My Last Duchess
Robert Browning
1842

Famous as an example of the dramatic monologue in poetry, Browning’s poem hasn’t left us with any particularly notable lines or phrases, like some others on this list, but is one of the most re-printed poems in English, a standard of high school literature classes, and one widely-recognized by its title if not by its verse. It’s a nobleman showing off his art to the representative of a potential second wife, discussing the first wife whose portrait hangs behind a curtain. The speaker is, we expect, Alfonoso Il Este, 16th century duke of Ferrara, and the ex in question Lucrezia de Medici – his young first wife who died (and suspiciously so) at 17 after he had abandoned her when her overly flirtatious nature compromised his possession of her as private trophy.
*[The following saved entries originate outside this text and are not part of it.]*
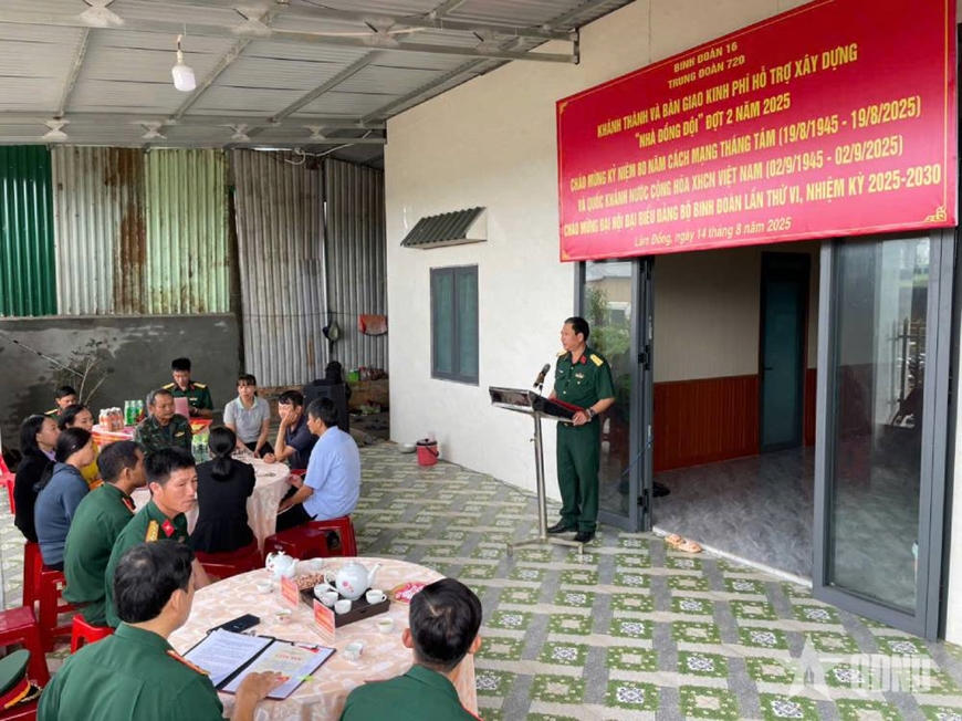 Theo đó, dịp này đơn vị trao tặng cho 5 hộ gia đình là công nhân, người lao động của Trung đoàn bao gồm: Đồng chí Nguyễn Thị Tám, Đội sản xuất 1; Nguyễn Văn Nghiêm, Đội sản xuất 2; Phạm Văn Tài, Đội sản xuất 8; Vũ Thị Huệ, Giáo viên trường mầm non Hoa Sim (thuộc Trung đoàn 720). Nhà đồng đội của các hộ gia đình trên được xây dựng tại địa bàn xã Quảng Tân tỉnh Lâm Đồng và nhà đồng chí Lê Việt Hồng, Đội sản xuất 5, được xây dựng tại xã Quảng Tín, tỉnh Lâm Đồng.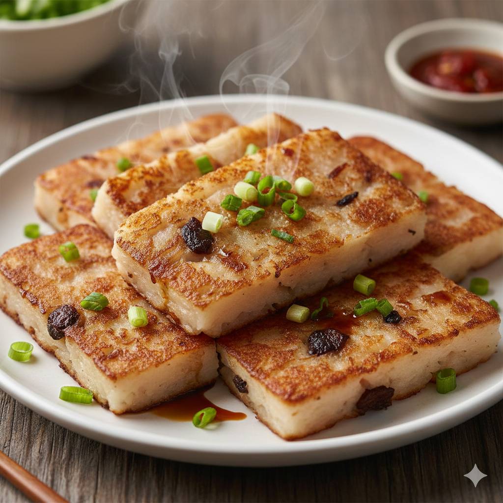 一般而言,蘿蔔糕或芋頭糕2-3件小方塊(約120-180g)為一餐的合適份量;年糕類則以1-2薄片(約40-80g)為佳。鹹糕點可作為一餐的主要碳水化合物,搭配蔬菜與清淡蛋白質,例如蘿蔔糕3件配炒菜心1碗、蒸魚或豆腐1手掌心分量,再加無糖豆漿1杯,總熱量約400-450kcal,既均衡又有飽足感。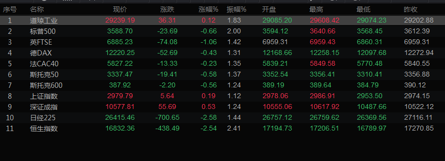 美股收盘情况:道琼斯工业指数涨0.12%,至29239.32点;标普500指数下跌0.65%,至3588.74点;纳斯达克指数下跌1.1%,至10426.19点。
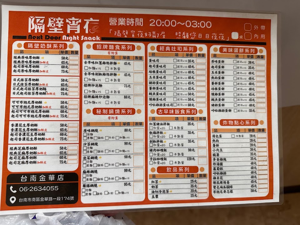 2024最新在地推薦餐廳的菜單_隔壁宵夜-金華店的菜單、圖片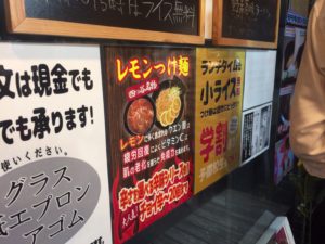 食券タイプの様です。上の方にあるのが今回食した「レモンつけ麺」ですね。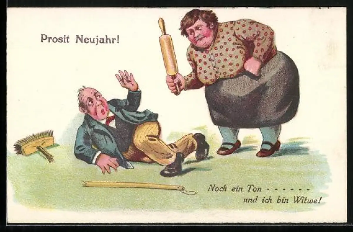 AK Dicke Frau droht Mann mit einem Nudelholz, frauenfeindlicher Humor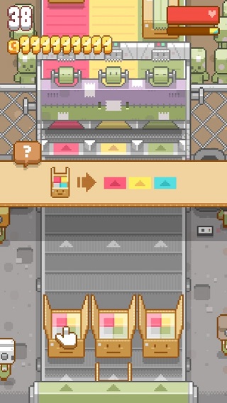 Box It Up! Inc.是一款像素风休闲益智手游,玩家化身包装工厂员工,在传送带上快速分拣颜色各异的盒子,采用竖屏单指操作,滑动屏幕即可控制角色移动,将对应颜色的盒子送入正确通道,轻松打发碎片时间。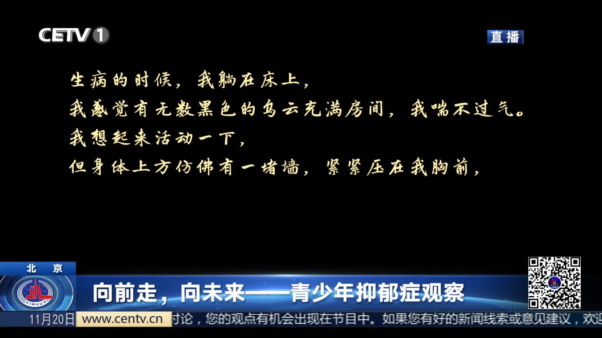 今天是世界儿童日,近年来,我国儿童青少年心理健康日益受到社会关注。那么儿童青少年心理健康存在哪些困境?为什么会有未成年人患上抑郁症?我们又该如何守护孩子的心理健康?来看记者调查。
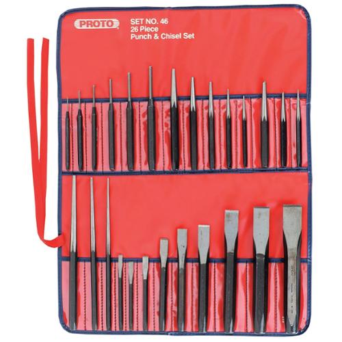Proto Punch and Chisel Set, 1/4 to 1-3/16 in Chisel, 3/32 to 1/2 in Punch, 10 in Overall Length, 17 Punches, 9 Chisels, 26 Piece, Pin/Starting/Center/Prick/Drift/Cold Style, J25TR21C 26 Pockets Tool Roll Canvas Tool Pouch, J86A1/2S2 Cold Chisel, J86A1/4S2 Cold Chisel, J86A1X8S2 Cold Chisel, J86A3/16S2 Cold Chisel, J86A3/4X8S2 Cold Chisel, J86A5/16S2 Cold Chisel, J86A5/8S2 Cold Chisel, J86A7/16S2 Cold Chisel, J86A7/8X8S2 Cold Chisel, J411/2S2 Center Punch, J413/8S2 Center Punch, J445/16S2 Prick Punch, J471/2X1/4 Pin Punch, J471/4X3/32 Pin Punch, J473/8X3/16 Pin Punch, J475/16X1/8 Pin Punch, J475/16X5/32 Pin Punch, J477/16X7/32 Pin Punch, J501/2S2 Starting Punch, J501/4S2 Starting Punch, J503/8S2 Starting Punch, J505/16S2 Starting Punch, J507/16S2 Starting Punch, J961/2S2 Drift Punch, J963/8S2 Drift Punch and J965/16S2 Drift Punch Set Contents, Yes Corrosion-Resistant, S2 Steel, Black Oxide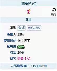 泰拉瑞亞遊戲里的附魔夜行者是一種小動物,外表是粉紅閃亮的蠕蟲。它可以由玩家製作,玩家可以徒手用蠕蟲和墜落之星製作獲得附魔夜行者。在夜晚有極小概率或在流星雨期間自然生成。它可以用作魚餌或放置在世界中,此時其行為與常規蠕蟲完全相同。附魔夜行者除了作為魚餌有著35%魚餌力外沒有任何功能性用途。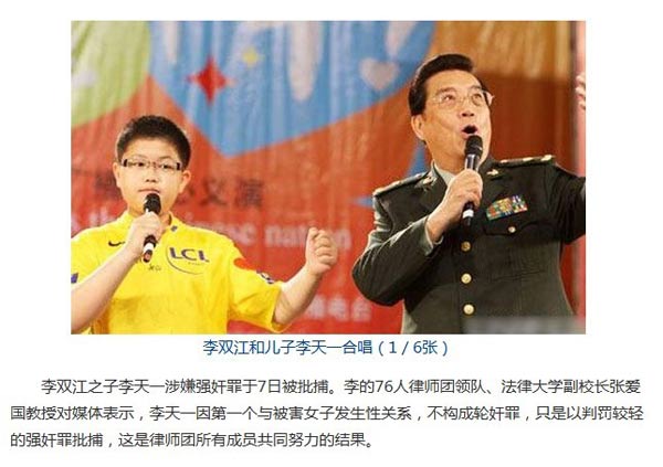 有消息称:李双江之子李天一涉嫌强奸罪于7日被批捕。李的76人律师团领队、法律大学副校长张爱国教授对媒体表示,李天一因第一个与被害女子发生性关系,不构成轮奸罪,只是以判罚较轻的强奸罪批捕,这是律师团所有成员共同努力的结果。此消息已被证实为虚假内容。经凤凰娱乐搜索发现中国并没有大学叫法律大学,更没有名为张爱国的副校长。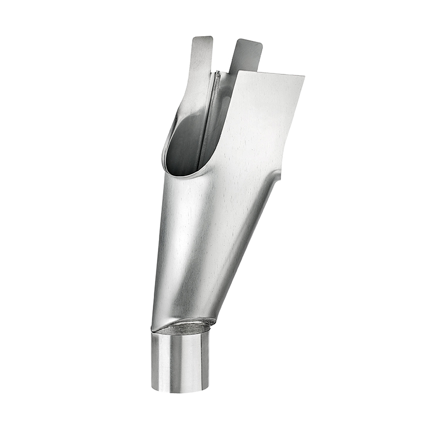 The adjustable outlet combines the gutter outlet and the downpipe diverter. Because of the integrated ball joint, the installation angle can be automatically adjusted.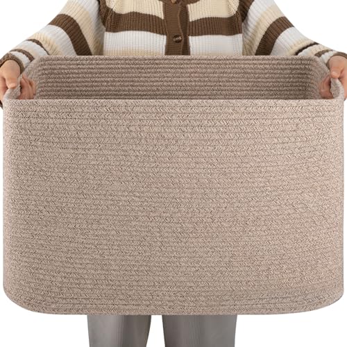 {"about_product": ["Large size Blanket Basket:22”x17”x12”, which perfect for throw pillows, ,cushions,blankets, comforter,toys and clothes.Keep in the kids room, family room, or any room in the house that could use extra storage: fits on a closet shelf, beside the sofa or bed", "Natural Cotton rope basket:OIAHOMY high quality dirty clothes basket is made of cotton Rope, No Chemical No Nasty No Disgusting Smell,Safe for Intimate Clothing.In addition,this blanket storage is no sharp edges and a hard surface, safe for kids, elders,pets", "Double reinforced Handles:We use the highest grade cotton rope as raw material and all the stitches are distribution and fine,which makes the toy baskets better wear resistance and durability to be used for many years.In addition, the handle of this large basket has a unique design and is wrapped around with thick double-layer suture rope to prevent tearing and keep its shape and never fall off", "Collapsible Baskets:This rectangular storage basket are foldable for easy to move and take away, simply fold the basket down flat for space-saving storage when not in use or to transport", "NOTE: The toy basket is folded, but it will turn back to its elegant shape quickly if you fill it with some pillows or blankets, and iron is great idea to remove the creases"], "product_description": null, "product_information": {"UPC": "717765826881", "ASIN": "B0CF586TH4", "Brand": "OIAHOMY", "Color": "Brown variegated", "Shape": "Rectangular", "Style": "Modern", "Capacity": "70 Liters", "Material": "Cotton", "With Lid": "No", "Finish Type": "White", "Item Weight": "3.5 pounds", "Closure Type": "Open Top", "Finish types": "White", "Manufacturer": "OIAHOMY", "Handle Material": "Cotton", "Special Feature": "Durability, Foldable, Handle, Portable, Washable", "Number of Pieces": "1", "Best Sellers Rank": "#571 in Baby (See Top 100 in Baby) #3 in Nursery Bins & Boxes", "Item model number": "FSB-A-C-02", "Batteries required": "No", "Product Dimensions": "17\"D x 22\"W x 12\"H", "Included Components": "Handle", "Recommended Uses For Product": "Laundry, Storage"}, "product_details": {"Brand": "OIAHOMY", "Color": "Brown variegated", "Shape": "Rectangular", "Material": "Cotton", "Product Dimensions": "17"D x 22"W x 12"H"}}

Browning tried his hand at poetry for some time before anyone took any notice, but eventually got a little attention from William Wordsworth and Thomas Carlyle, who encouraged him to continue writing and helped him make a name for himself as an up-and-comer on the literary scene. He produced a number of minor plays and a whole bunch of poetry, much of it nothing special to speak of, but a few pieces that have been profoundly influential and earned Browning a spot (alongside his wife, Elizabeth Barrett-Browning) on anyone’s english canon.  And he has left his mark on language, a couple of short lines from a moderately well-known poem/play that have taken on a life far beyond their literary home: “God’s in his heaven/ All’s right with the world.”